Em 2008 foi candidato a prefeito de São Paulo e recebeu 5 518 votos (0,09% dos votos válidos) no primeiro turno e decidiu apoiar a candidata Marta Suplicy (PT), vencedora no segundo turno. Em 2010, foi candidato a Presidente da República pela primeira vez pelo PRTB. Porém, ficou em 7º lugar entre os nove candidatos e recebeu 57 960 votos (0,06%).

No segundo turno, Fidélix apoiou Dilma Roussef (PT). Em 2011 anunciou a sua candidatura para prefeito de São Paulo em 2012. Na sua 12ª candidatura a um cargo público escolheu o retorno do “janismo” como mote de sua campanha.
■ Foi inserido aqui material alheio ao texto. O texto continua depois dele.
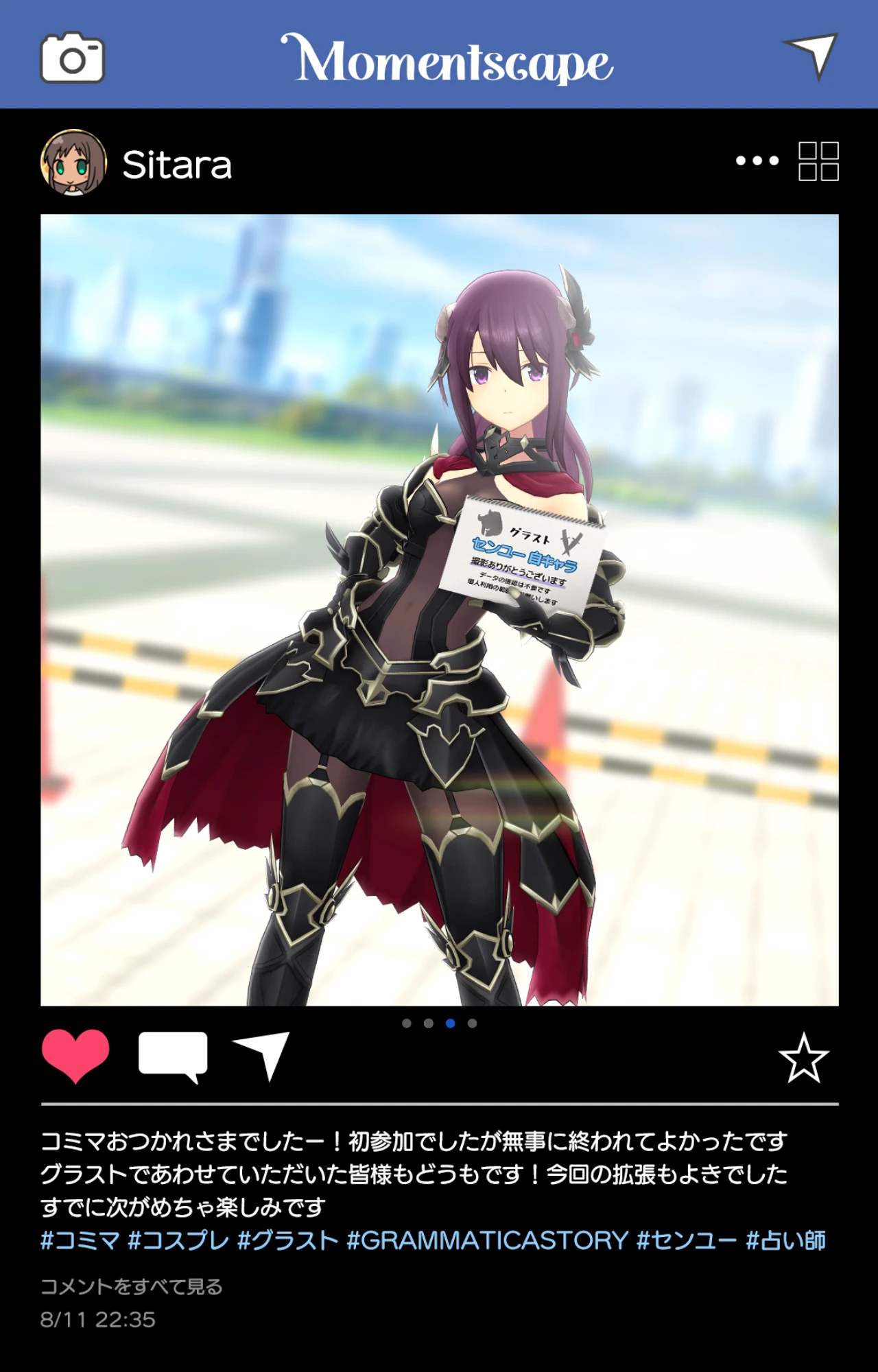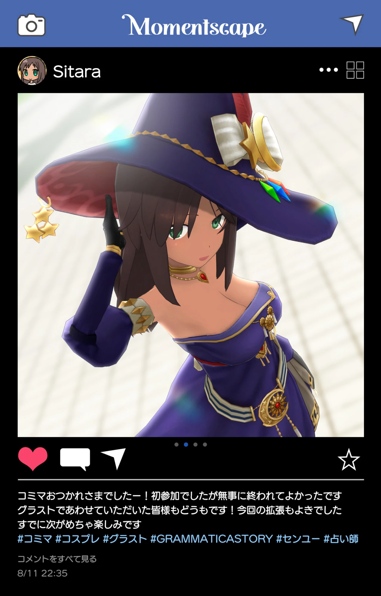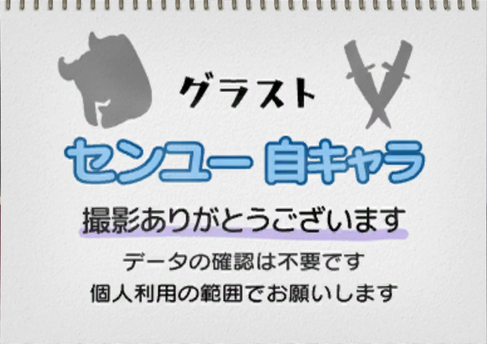 キャラの衣装がグラストコスに変化。様々なポーズをとる。

Nas eleições de 2014, Levy Fidélix novamente foi candidato à presidência e se apresentou como um candidato de direita com discurso conservador. Apesar de nunca ter sido eleito aos cargos que disputou (deputado, vereador, prefeito, governador e presidente), no primeiro turno das eleições de 2014 Fidelix recebeu o voto de 446.878 pessoas em todo o Brasil, o que representa 0,43% do eleitorado brasileiro. O fundador do PRTB ficou em 7º lugar entre 11 candidatos, mas alcançou o melhor desempenho em uma eleição ao longo de sua carreira. No segundo turno, Fidélix apoiou Aécio Neves.
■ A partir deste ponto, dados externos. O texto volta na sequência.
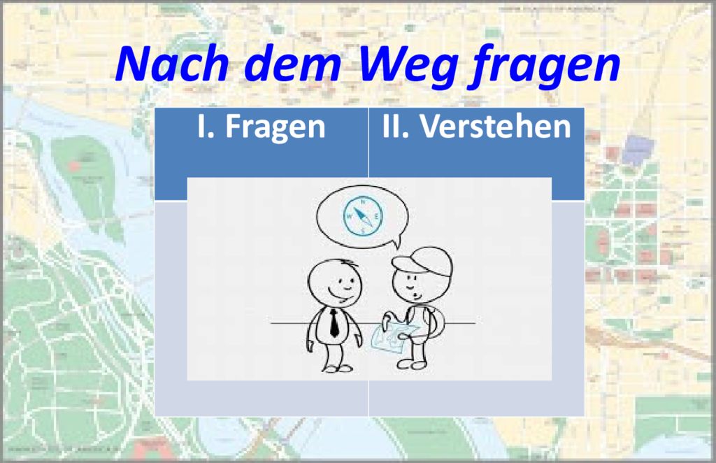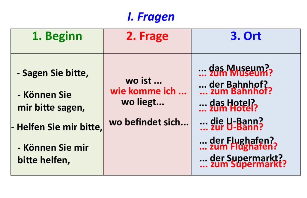 I. Fragen 1. Beginn 2. Frage 3. Ort - Sagen Sie bitte, - Können Sie mir bitte sagen, - Helfen Sie mir bitte, - Können Sie mir bitte helfen, wo ist... wo liegt... wo befindet sich... ... das Museum? ... der Bahnhof? ... das Hotel? ... die U-Bann? ... der Flughafen? ... der Supermarkt? wie komme ich... ... zum Museum? ... zum Bahnhof? ... zum Hotel? ... zur U-Bann? ... zum Flughafen? ... zum Supermarkt?

Nas eleições estaduais de 2018, apoiando Jair Bolsonaro para a Presidência da República, concorreu ao cargo de deputado federal pelo estado de São Paulo, obtendo 32.113 votos (0,15%), mas não conseguiu ser eleito. Esta foi a oitava eleição em que sofreu derrota. Ele chegou a ser pré-candidato à Presidência no mesmo ano, mas desistiu ao fechar um acordo: o general Mourão, do seu partido, se tornou candidato à vice-presidente na chapa encabeçada por Bolsonaro, formando a coligação PSL-PRTB.